I've received another email response to some questions.

It seems the end goal for the study is to identify potential neural biomarkers for tinnitus and hyperacusis. That's why questionnaires are being paired with the things like the EEG, to see if they can measure anything in the brain, since patient word through questionnaires alone aren't very reliable. It's just to find a metric to see if future treatments are actually working. So, I'd say it's a step in a good direction, even if it's not for a particular drug or device.

Also, I am told as part of the inclusion criteria, participants do need to have normal hearing through low to mid pitches, no significant hearing loss. There is a screening process for this to rule this and severity levels out.

She did leave off saying that she does not want people who are greatly affected by such testing methods to participate because of the risk of worsening, and of course those who are too severe shouldn't bother risking it either. Leaves a good portion of sufferers out, but understandable. So I guess go for it if you are eager to participate, have no hearing loss, and aren't too severe.

As previously mentioned, the researcher has tinnitus too so she definitely understands the frustrations of research and the very real risks of worsening through this kind of thing.

 

[bobthebuilder]

I actually applied for this trial, but was denied, due to the fact that my scores on the questionnaires were too high, indicating I was too affected by my tinnitus.

Same experience here. I was initially disappointed to not be able to participate but actually now thankful they did this kind of screening.

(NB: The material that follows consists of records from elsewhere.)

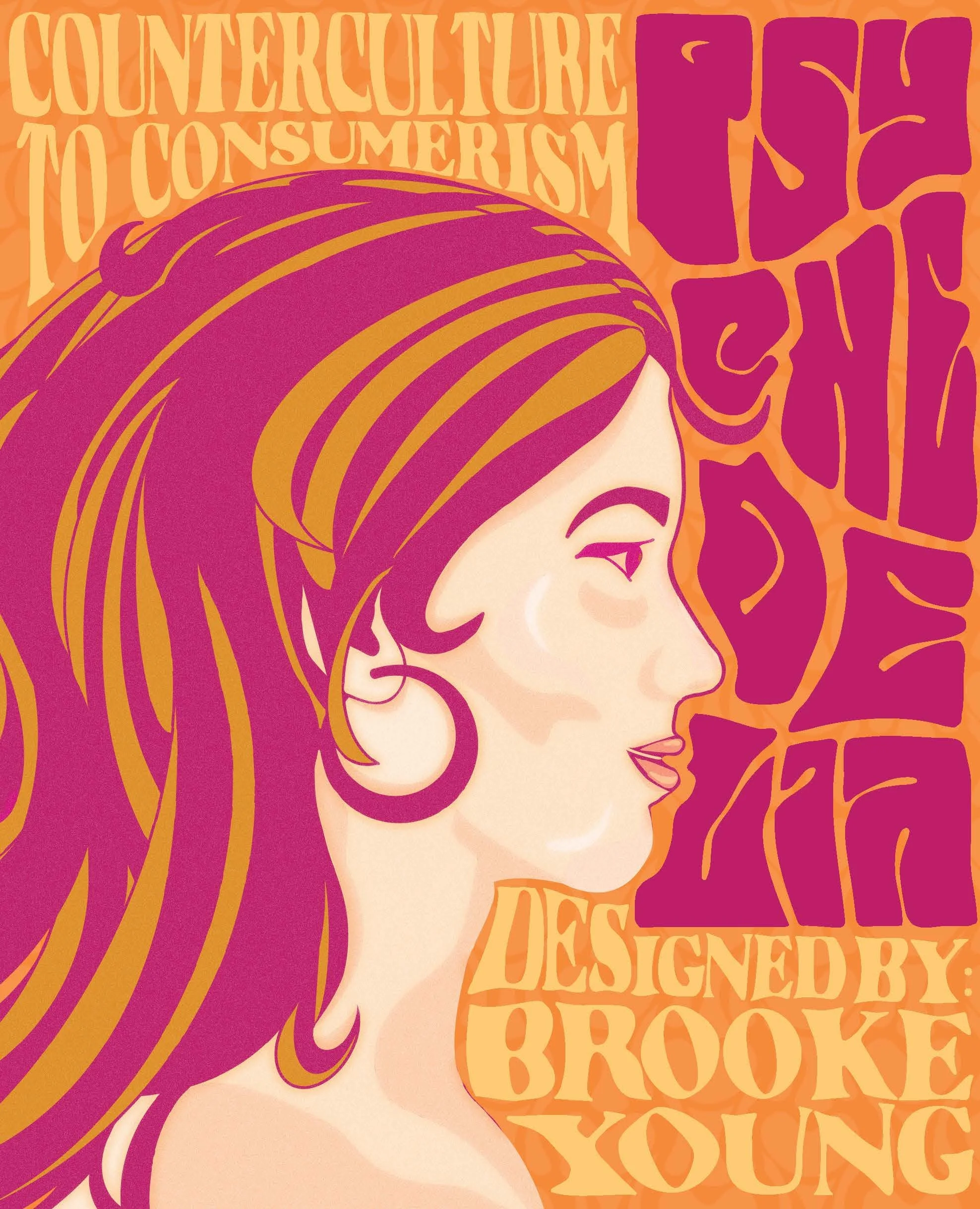 For the front and back covers, I wanted to re-create the psychedelic style band posters that were super popular at the time. I started with the illustration shown above, and then I ended up changing the colors and adding some dimension to them. For the typography, I used the puppet warp tool to create the flowing text that mimics the side profile line of the woman. I also wanted to make it so the front cover could be looked at on its own, but when layed out next to the back cover it’s a whole image.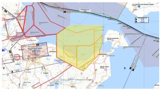 Map of the region where flight tests up to 10 km were conducted. The restricted areas ED-R10 (emphasized in light yellow) enveloped the operational volume, and the Baltic Sea below the airspace was secured by two military boats. The map center is at 54.5° N and 10.7° E. Map source [56].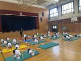 今日は、マット運動でブリッジをしました。手の位置に気をつけながら活動しました。

Not worth risking pushing someone over the edge if their tinnitus is already catastrophic and the study accidentally makes it worse. I know someone who tried experimental tDCS for tinnitus that made it way worse. He was already in bad shape... now after the tDCS is nearly suicidal.

 

[Forever hopeful]

Velicna Slovakia here lol, off to America as soon as I finish my physiotherapy college.

Visited Bratislava Slovakia about 4 years ago.

 

[Geatly]

Visited Bratislava Slovakia about 4 years ago.

Lovely city, living there right now, you are welcome to come visit anytime.

 

[GlennS]

I'm avoiding MRIs if at all possible so that's a nope for me.